On the idea that Tillerson would divest himself of Exxon stocks, Mitchell Schnurman found that might not be possible because “1.9 million shares [of his 3.7 million] held by Tillerson, worth over $177 million, were not vested at the end of 2015. And they’re not scheduled to vest for years.” Questions about this should certainly be raised at his confirmation hearing.
It is very possible that a Trump administration will lift the sanctions on Russia because, as Politico recently reported, the president-elect will be able to do so with the stroke of a pen. When asked about this, Reince Priebus wouldn’t rule out the possibility.
It is important to note that such an action would not only be a concern to our allies in the Baltic States (who fear further Russian incursion), it is also a slap in the face to our NATO allies, who President Obama rallied in support of the sanctions – even though it would require them to pay an economic cost. He laid out the case for them in his speech in Brussels in 2014.

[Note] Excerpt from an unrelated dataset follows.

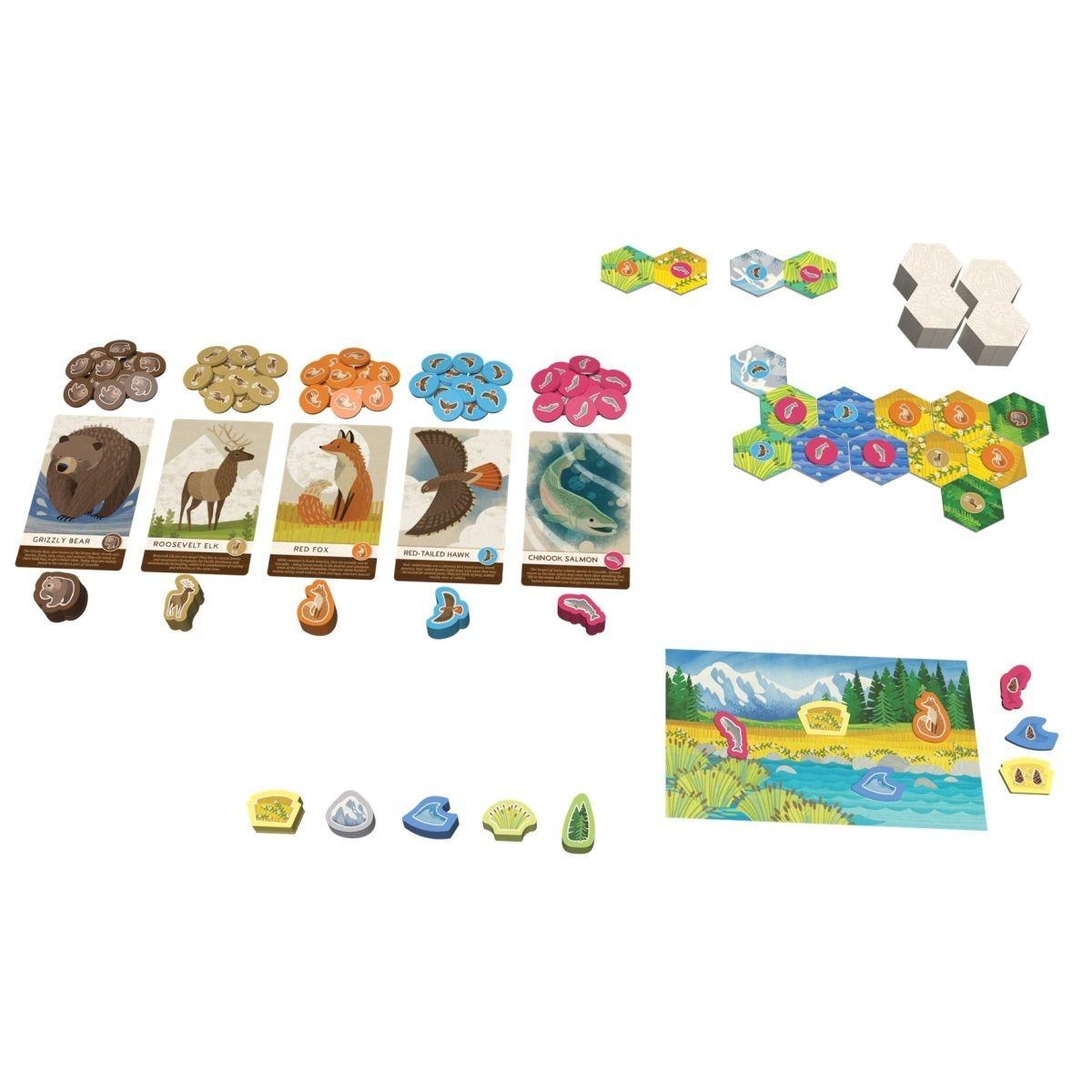 Match habitats and wildlife to build the most harmonious ecosystem!What will you see on your adventure in Cascadia? On your turn, build out your map and match animals and habitats to add sightings to your panorama and score points! Cascadia Junior lets younger players experience the spatial puzzle of the award-winning board game Cascadia. This standalone game teaches pattern building, set collection, and basic addition. Learn about bears, hawks, elk, salmon, and foxes in this diverse land of mountains, wetlands, prairies, rivers, and forests!In Cascadia Junior, players take turns drafting habitat tiles and adding them to their environment. They must try to match the same habitats to grow their habitat corridors and score more points while creating groups of three wildlife icons on connected tiles. Once they make matches, they earn wildlife and habitat sighting tokens that they can add to their panorama board, where they will make their own personal picture of the Cascadian wilderness! At the end of the game, all players flip over their sighting tokens to discover the conifer cones they have collected. The player with the most cones wins!Cascadia Junior is a stepping stone game that will allow children to learn the basics of pattern matching. Over time, they can use the included wildlife scoring cards with the advanced mode, which requires more complex shapes for each wildlife group. Once children gain familiarity with that mode, they can try out the family mode of the base Cascadia game and eventually the full Cascadia experience!*Features:** Players: 2–4* Playtime: 15–30 Minutes* Ages: 6+*Contents:** 50× Habitat Tiles* 30× Habitat Sighting Tokens* 30× Wildlife Sighting Tokens* 90× Wildlife Markers* 5× Wildlife Cards* 4× Panorama Boards* 1× Rulebook

And our enduring strength is also reflected in our respect for an international system that protects the rights of both nations and people — a United Nations and a Universal Declaration of Human Rights; international law and the means to enforce those laws. But we also know that those rules are not self-executing; they depend on people and nations of goodwill continually affirming them. And that’s why Russia’s violation of international law — its assault on Ukraine’s sovereignty and territorial integrity — must be met with condemnation. Not because we’re trying to keep Russia down, but because the principles that have meant so much to Europe and the world must be lifted up…
Now is not the time for bluster. The situation in Ukraine, like crises in many parts of the world, does not have easy answers nor a military solution. But at this moment, we must meet the challenge to our ideals — to our very international order — with strength and conviction.
It is a disruption of that “international order” which Putin wants to challenge with a Trump administration.